Two duplicated counterclaims and a third-party cause of action were properly dismissed since they did not contain additional claims of malpractice or seek additional remedies. Defendant’s counterclaims and third-party action were not time-barred as they related to the same transactions in the complaint, which was to recover for legal services, and were timely to the extent of the demand in the complaint. Denial of dismissal of the judiciary law §487 claim and counterclaims and third-party cause of action alleging that defendant improperly withheld portions of the litigation file was proper. Counterclaim for sanctions for frivolous actions was properly dismissed as there is no independent cause of action for frivolous actions. Lewis, Brisbois, Bisgaard & Smith, LLP v Law Firm of Howard Mann
Comment: The action appears to have been settled long before the court’s decision. Just a reminder that when a case settles during an appeal, notify the court as soon as possible. If the court is not notified by the argument date, it will likely decide the appeal.

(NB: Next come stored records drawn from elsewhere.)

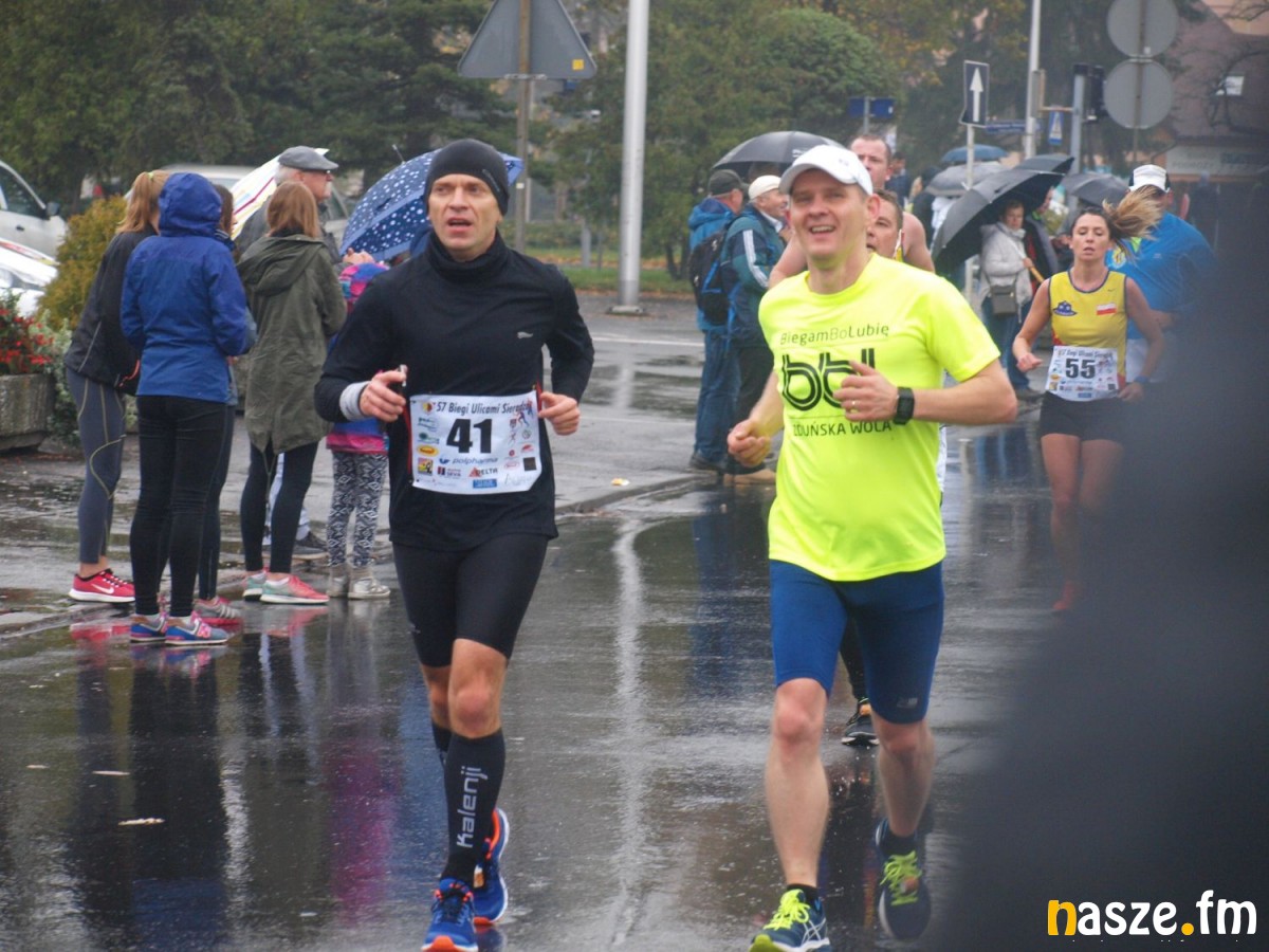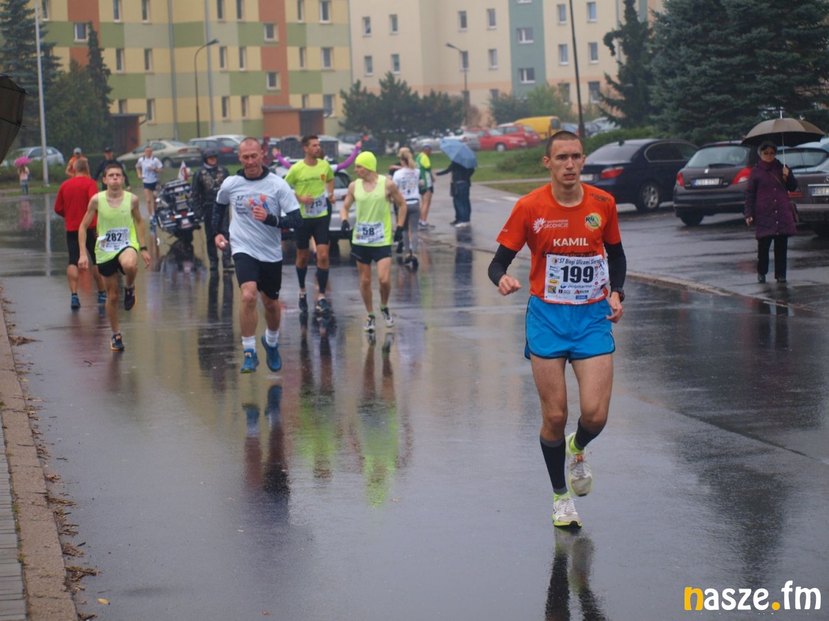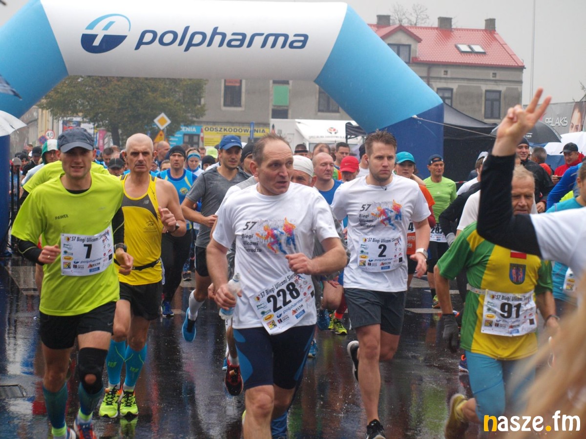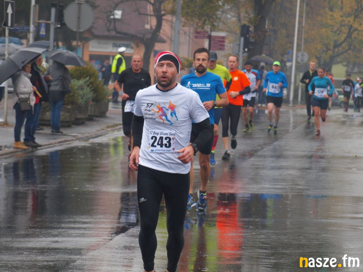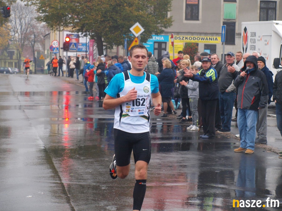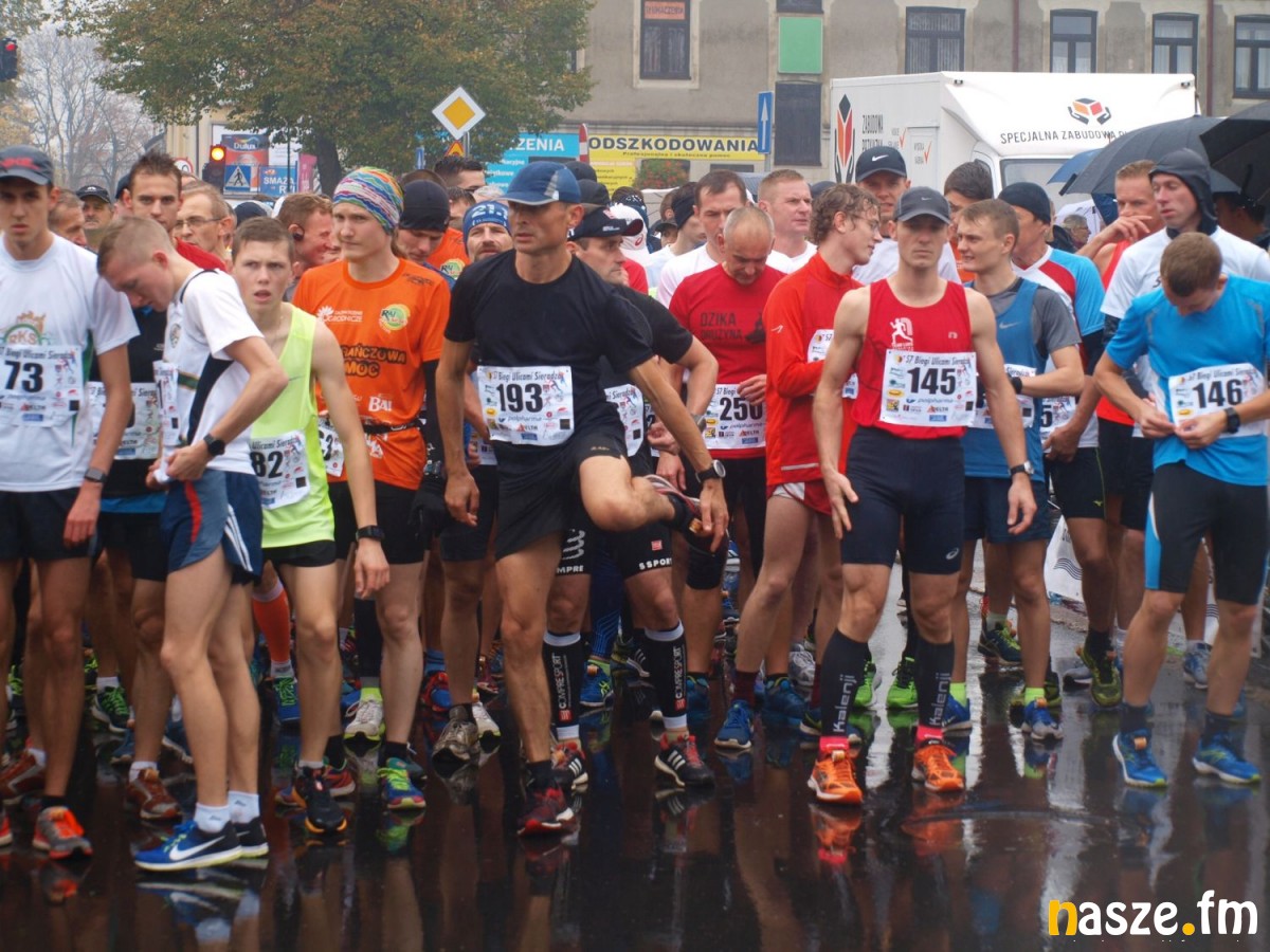Pogoda nie rozpieszczała uczestników. Deszcz nie mógł jednak odstraszyć prawdziwych miłośników biegania. Jak zwykle największa liczba osób (266) wzięła udział w biegu głównym na dystansie 10 km. Najszybszy na dwóch pięciokilometrowych pętlach był dziś zawodnik RKS Łódź Patryk Stypułkowski, który tym samym poprawił swoje ubiegłoroczne osiągnięcie, przegrał wtedy ze swoim klubowym kolegą Tomaszem Osmulskim. Triumfator 57. edycji Biegów Ulicami Sieradza uzyskał czas 32:35 min, i wyprzedził drugiego na mecie Jędrzeja Hasiurę (także RKS) o blisko półtorej minuty. Jako trzeci linię mety minął wychowanek MULKS MOS Sieradz, obecnie także zawodnik RKS Maciej Nitka. Wśród pań najszybsza była dziś Ewelina Bartocha z Lisowa, która wynikiem 41:51 poprawiła rekord życiowy. Na podium w kategorii kobiet stanęły ponad to: Magdalena Włodarczyk (Wieluń Biega) i Arleta Matysiak (RajSport Active).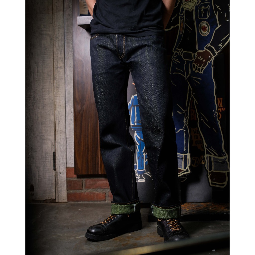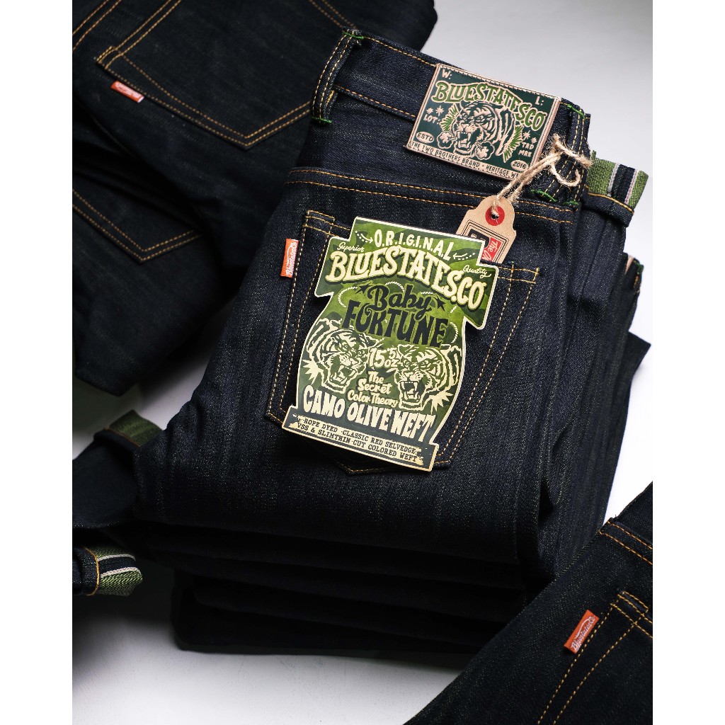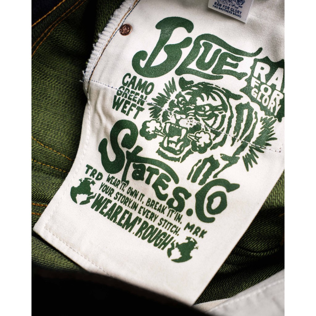 RAW SELVEDGE DENIM - BABY FORTUNE 15.5 OZ VINTAGE INDIGO CAMO OLIVE GREEN WEFT SANFORIZED SLIM STRAIGHT / SLIM FIT JEANS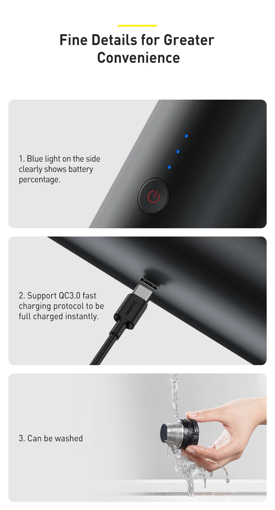 Автомобильный пылесос Baseus, 15000 па, беспроводной мини-пылесос для автомобиля, ручной пылесос со светодиодный светильник кой для очистки салона автомобиля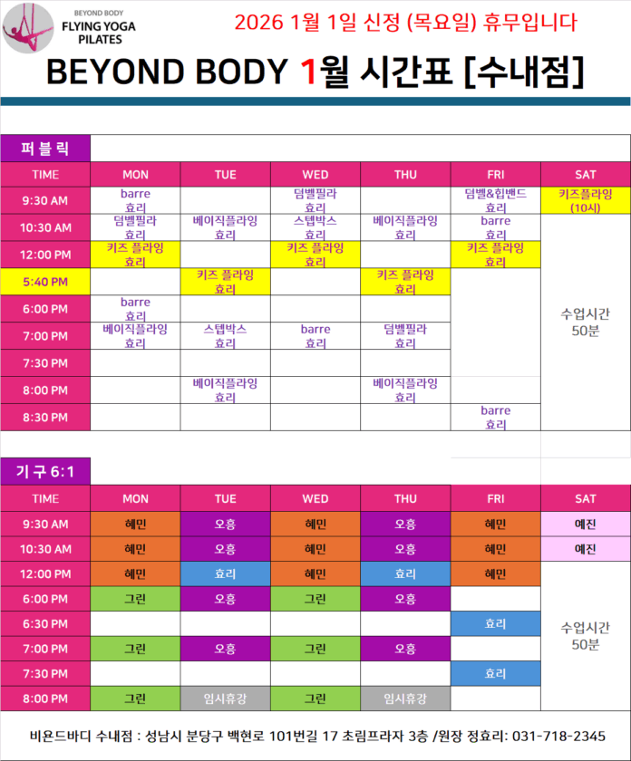 2월시간표입니다 2월16일(월)~18일(수) 설연휴입니다^^
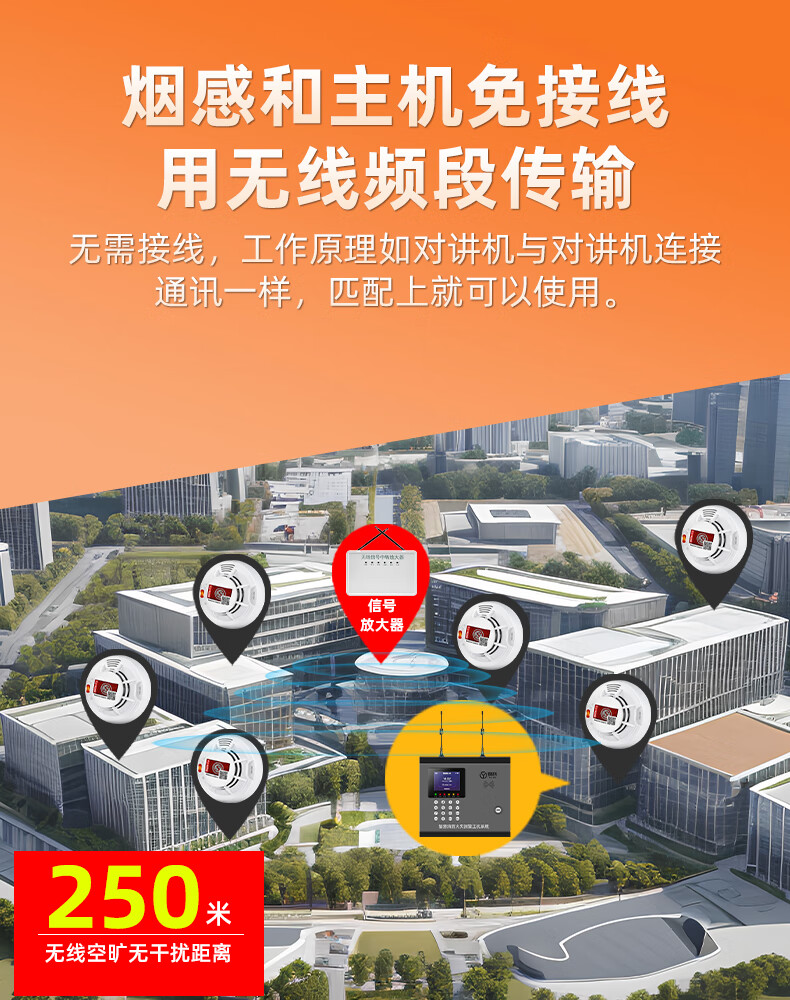 Wireless smoke alarm, dedicated for fire protection, commercial fire sensor detection, intelligent remote networked smoke sensor, fire certification, alarm host + 30 wireless smoke sensors

16-year-old plaintiff was stabbed and assaulted by members of a gang after being discharged from school grounds. The majority found the school entitled to summary judgment because the student left the orbit of the school’s control and was not placed into a foreseeably dangerous situation partially created by the school. The dissent, however, opined that the plaintiff’s testimony that he attempted to go back into the school grounds to avoid the attack, was told to leave, and was attacked 10 away raised and triable issue of fact. Diaz v Brentwood Union Free Sch. Dist.
Comment: For the exception to the rule that a school’s duty ceases immediately upon release from custody, the foreseeably dangerous condition must have been at least partly created by the school. There was no fact in this case showing how the school partially created the gang danger.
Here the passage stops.